Machine Learning · Data Engineering · MLOps

Day 160: When the Feature Store Rebelled During Our Rebuild

October 21, 2025 – Today’s Vibe: Negotiating With a Metadata Service

October 21, 2025 – Today’s Vibe: Negotiating With a Metadata Service

We upgraded our feature store to support both streaming and batch sources. Somewhere in the migration, all of our TTL policies evaporated and models started training on stale freshness data. The churn model used 3-day-old marketing impressions, our fraud model double-counted transactions, and Airflow looked like a Christmas tree of retries.

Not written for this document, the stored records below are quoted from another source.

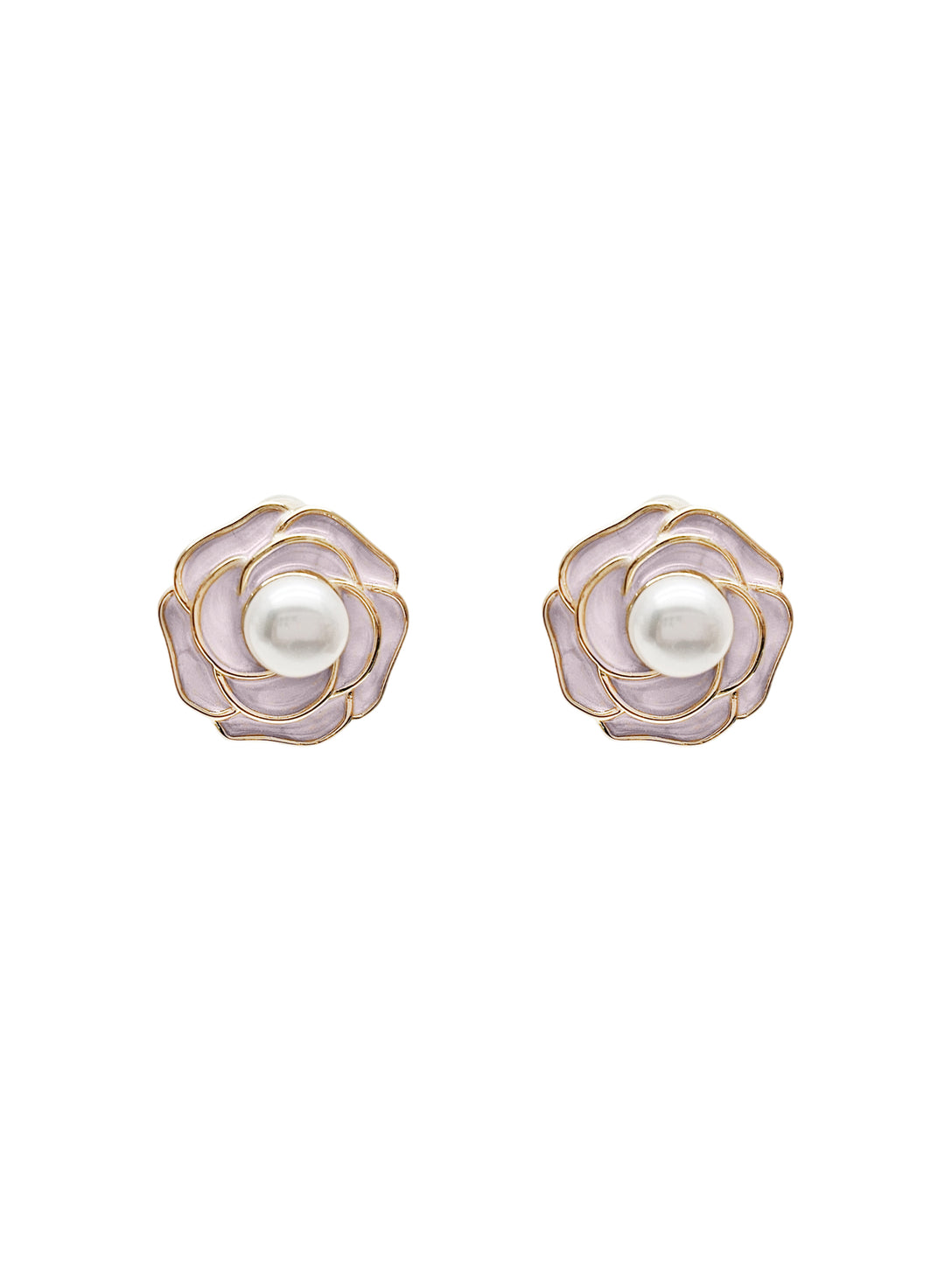 Enamel Flower Stud Earrings With Freshwater Pearl RE021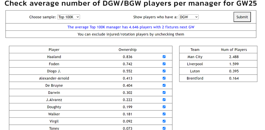 The average top 100k manager has 4.65 players with double GW25 fixtures, before transfers made after the deadline. 2.5 from City, 1.6 from Liverpool, 0.4 from Luton, and 0.16 from Brentford. Data from @LiveFPLnet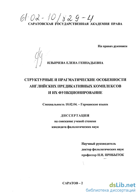 Ильичева Елена Геннадьевна. Структурные и прагматические особенности английских предикативных комплексов и их функционирование : диссертация ... кандидата филологических наук : 10.02.04.- Саратов, 2002.- 244 с.: ил. РГБ ОД, 61 02-10/829-4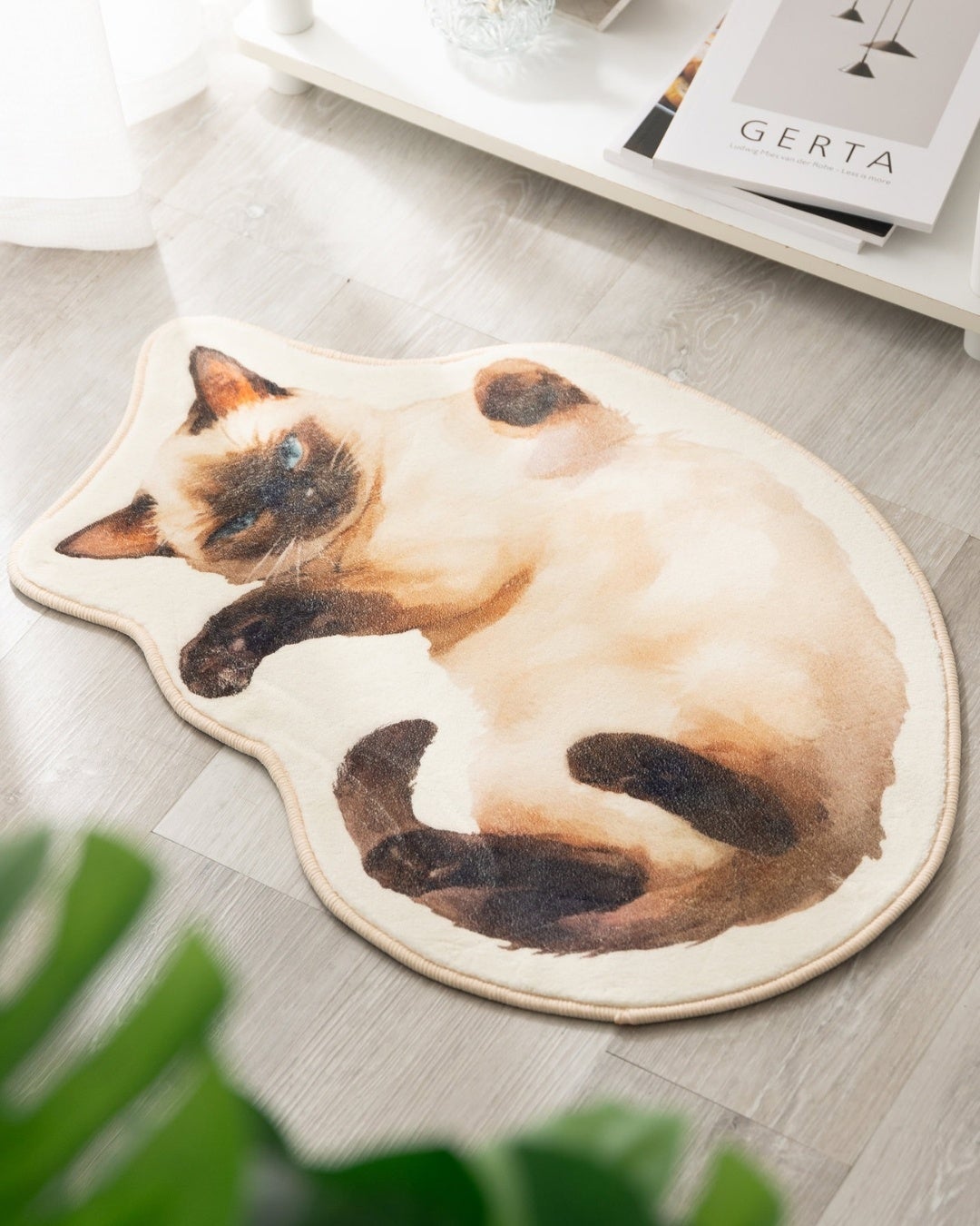 猫がお部屋に丸まっているようなデザインの もこもこ起毛マット など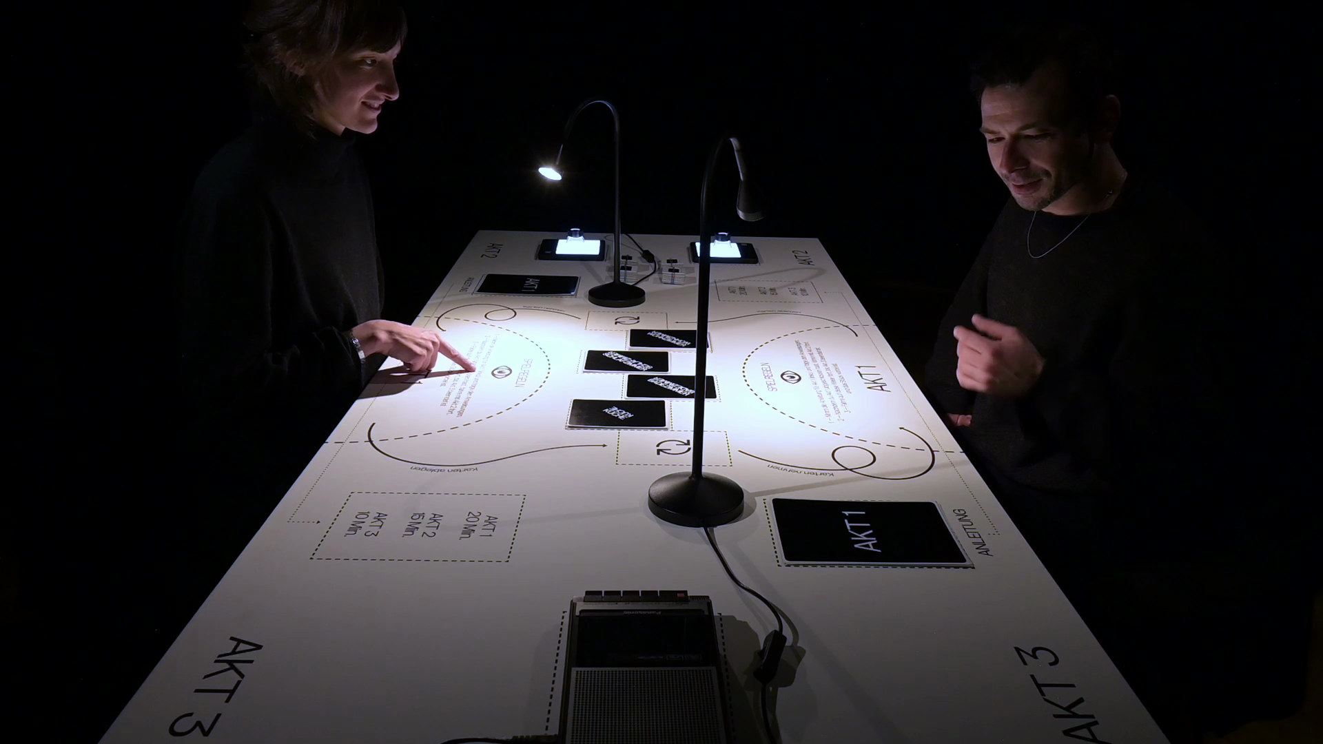 The performance based on the text by Natalia Zaitseva takes place without any actors. It consists of three acts: the first is made of texts, the second of images, and the third of sound.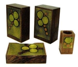 Annemarie Davidson has frequently collaborated with fellow artist Blaine Rath since 1959. Rath makes beautifully-crafted boxes in a wide variety of woods, especially walnut, maple and rosewood, in which Davidson mounts her elegantly proportioned enamels. Over her immensely productive career, Annemarie Davidson has developed a consistent but constantly varied body of work - work characterized by continuous innovation in form and content.

The Hardship: Stale Features Everywhere

The new store promised unified definitions, but two problems surfaced instantly:

  1. Dual ingestion paths. Batch jobs pushed to the offline store in UTC, while the streaming pipeline tagged records with device-local timestamps. When we materialized features, the join key event_time was inconsistent, so the store happily served mismatched windows.
  2. Metadata drift. We forgot to migrate the freshness SLA metadata, so consumers saw max_age = null and assumed features were evergreen. Nobody noticed until model metrics cratered.

The Investigation: Metadata Matters More Than Code

We diffed the old and new registries and found 47 feature views missing TTLs. Worse, the CLI import silently skipped unknown fields. Here’s the culprit:

FeatureView(
    name="web_impressions",
    entities=["user_id"],
    ttl=None,  # 😱 defaulted to never expire
    batch_source=batch_source,
    stream_source=stream_source,
)

The config generator didn’t populate ttl because the schema changed from timedelta to Duration. Our template templated nothing.

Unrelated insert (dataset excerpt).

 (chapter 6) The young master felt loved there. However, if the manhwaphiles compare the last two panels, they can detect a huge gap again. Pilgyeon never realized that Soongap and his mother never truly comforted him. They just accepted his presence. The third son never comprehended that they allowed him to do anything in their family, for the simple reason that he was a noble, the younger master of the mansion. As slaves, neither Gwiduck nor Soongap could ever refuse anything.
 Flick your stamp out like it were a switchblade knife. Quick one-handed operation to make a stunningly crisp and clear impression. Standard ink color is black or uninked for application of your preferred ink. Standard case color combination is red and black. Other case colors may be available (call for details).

The Lesson: Treat Feature Definitions Like APIs

We rolled back, then reapplied the migration with adult supervision:

  • Schema validation. Added a pre-flight script that compares feature definitions across versions and fails if TTLs or freshness policies drop.
  • Temporal alignment. Both batch and streaming sources now convert event timestamps to UTC and include a source_lag field so we can monitor ingestion delay.
  • Consumer contracts. Every feature view now emits metadata via OpenFeature hooks, so model pipelines can assert max_age before training or serving.

Example of the new validation check:

def enforce_ttl(feature_view):
    if feature_view.ttl is None:
        raise ValueError(f"{feature_view.name} missing TTL")

for fv in registry.feature_views:
    enforce_ttl(fv)

It felt tedious, but the payoff was immediate: drift monitors calmed down, and the fraud model stopped hallucinating risk scores from expired impressions.